Midway through Bush’s second term, press secretary Tony Snow goes along to Chester A. Arthur High School to give a graduation speech. “I know it looks tough right now. You’re young, you’re full of zip, but the odds seem hopeless. Let me tell you about another young man facing tough choices 80 years ago. It’s last orders at the Munich beer garden — gee, your principal won’t thank me for mentioning that — and all the natural blonds are saying, ‘But Adolf, see reason. The Weimar Republic’s here to stay, and besides the international Jewry control everything.’ And young Adolf Hitler puts down his foaming stein and stands on the table and sings a medley of ‘I Gotta Be Me,’ ‘(Learning to Love Yourself Is) The Greatest Love of All,’ and ‘The Sun’ll Come Out Tomorrow.’” And by the end of that night there wasn’t a Jewish greengrocer’s anywhere in town with glass in its windows. Don’t play by the other side’s rules; make your own kind of music. And always remember: You’ve gotta have a dream, if you don’t have a dream, how you gonna have a dream come true?”

Anyone think he’d still have a job?

Well, so what? All those dead Chinese are no-name peasants a long way away. What’s the big deal? If you say, “Chairman Mao? Wasn’t he the wacko who offed 70 million Chinks?”, you’ll be hounded from public life for saying the word “Chinks.” But, if you commend the murderer of those 70 million as a role model in almost any school room in the country from kindergarten to the Ivy League, it’s so entirely routine that only a crazy like Glenn Beck would be boorish enough to point it out.

Which is odd, don’t you think?

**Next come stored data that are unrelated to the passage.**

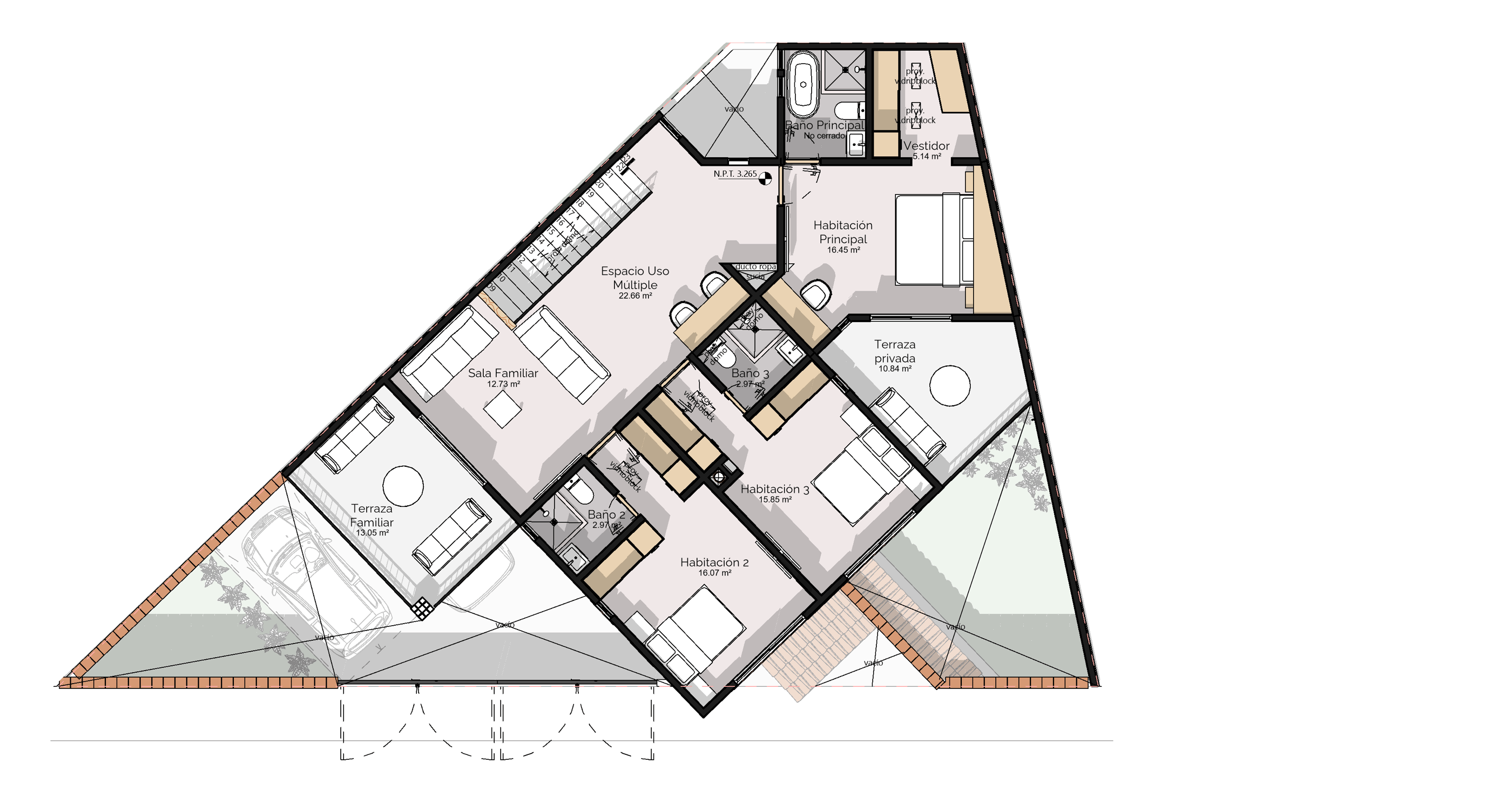 El terreno y el clima: El Desierto de los Leones es una zona boscosa y fría. Las mañanas son frescas casi todo el año y en invierno las temperaturas bajan considerablemente, así que la orientación solar no era un detalle opcional: era parte del diseño desde el primer trazo. Queríamos que las recámaras recibieran sol por las mañanas, lo que significa orientarlas hacia el sur. El problema es que la geometría triangular del terreno no te regala esa orientación, hay que ganársela.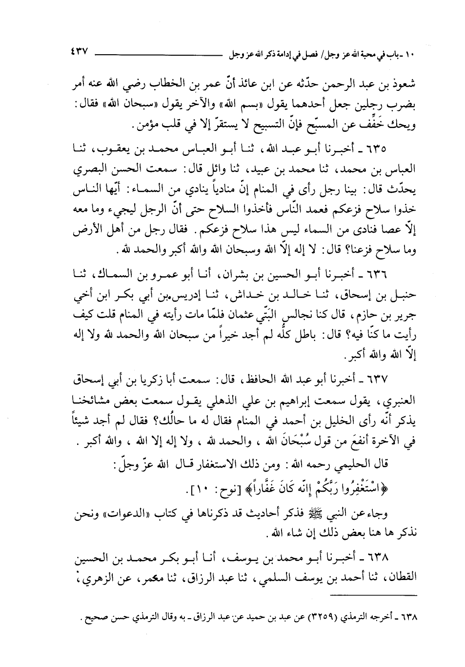637 - أخبرنا أبو عبد الله الحافظ قال : سمعت أبا زكريا بن أبي إسحاق العنبري يقول سمعت إبراهيم بن علي الذهلي يقول سمعت بعض مشائخنا يذكر : أنه رأى الخليل بن أحمد في المنام فقال له ما حالك ؟ فقال لم أجد شيئا في الآخرة أنفع من قول سبحان الله و الحمد لله و لا إله إلا الله و الله أكبر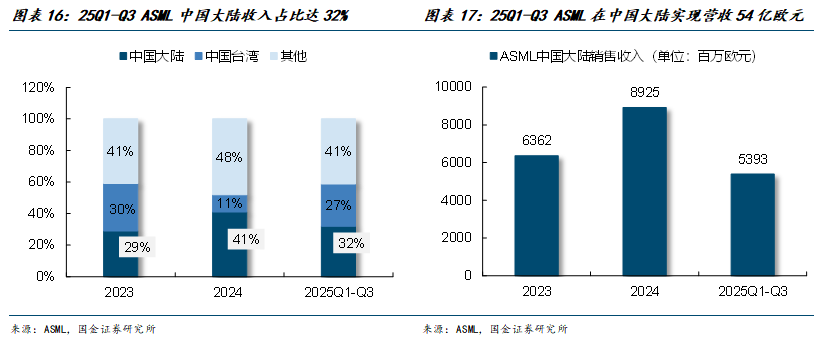 中国光刻机需求量较大,是ASML光刻机最大的客户。当前,中国大陆是最大的半导体设备市场,同时也是ASML的最大客户之一,2023年ASML在中国大陆实现营收64亿欧元,占比总营收比重为29%,2024年因晶圆厂扩产景气度及超额备货的因素影响,占比增长至41%,实现对中国大陆的销售额为89亿欧元,2025年Q1-Q3受出口管制等因素影响,中国大陆地区的收入比重下滑至32%,销售额为54亿欧元。展望未来,我们认为后续国内晶圆厂仍将继续扩产,国内对于光刻机需求仍然旺盛。Market.us预测到2034年,全球配套光刻的半导体Track设备市场规模将从2024年的36.3亿美元增长至69.4亿美元,2025年至2034年的复合增速(CAGR)为6.7%。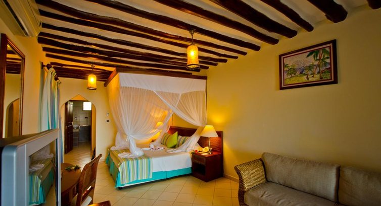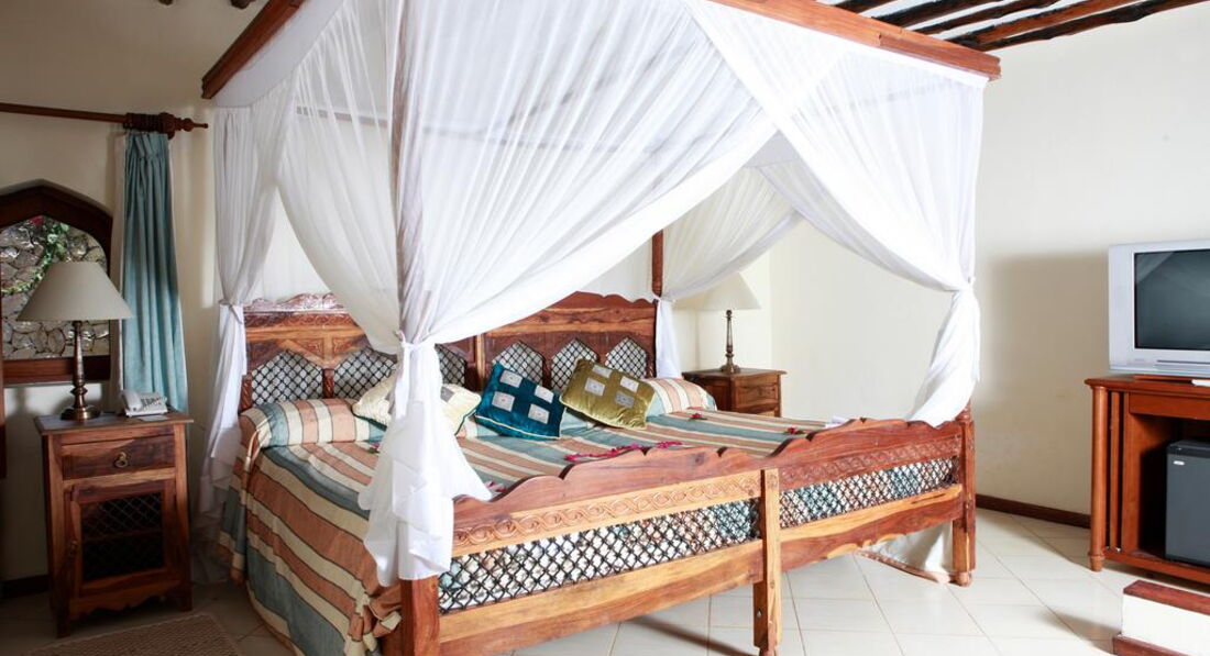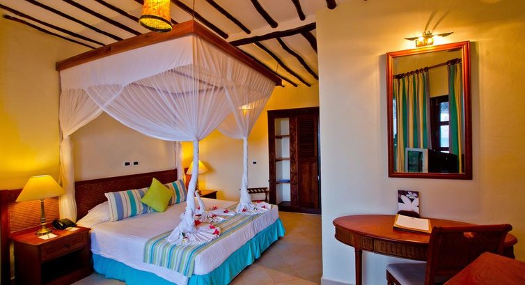 56 Standard rooms (Pwani) (Номери розташовані в одноповерхових традиційних Рондавелях (традиційний круглий будинок) кожен з двома оформленими номерами з окремими зонами, що ведуть у чудово обладнані ванними кімнатами з душем. Спальня з великим ліжком або двома односпальними ліжками з москітною сіткою ліжко. Усі хати оснащені кондиціонером і обставлені занзібарськими меблями.У вітальні зоні встановлений телевізор з плоским екраном і супутниковими каналами.)

Because it suggests that our present age of politically correct hypersensitivity is not just morally unserious but profoundly
decadent.

Twenty years ago this fall, the Iron Curtain was coming down in Europe. Across the Warsaw Pact, the jailers of the Communist prison states lost their nerve, and the cell walls crumbled. Matt Welch, the editor of Reason, wonders why the anniversary is going all but unobserved: Why aren’t we making more of
the biggest mass liberation in history?

Well, because to celebrate it would involve recognizing it as a victory over Communism. And, after the Left’s long march through the institutions of the West, most are not willing to do that. There’s the bad totalitarianism (Nazism) and the good totalitarianism (Communism), whose apologists and, indeed, fetishists can still be found everywhere, even unto the White House.

Rush Limbaugh’s remarks are “divisive”; Anita Dunn’s are entirely normal. But don’t worry, the new Fairness Doctrine will take care of the problem.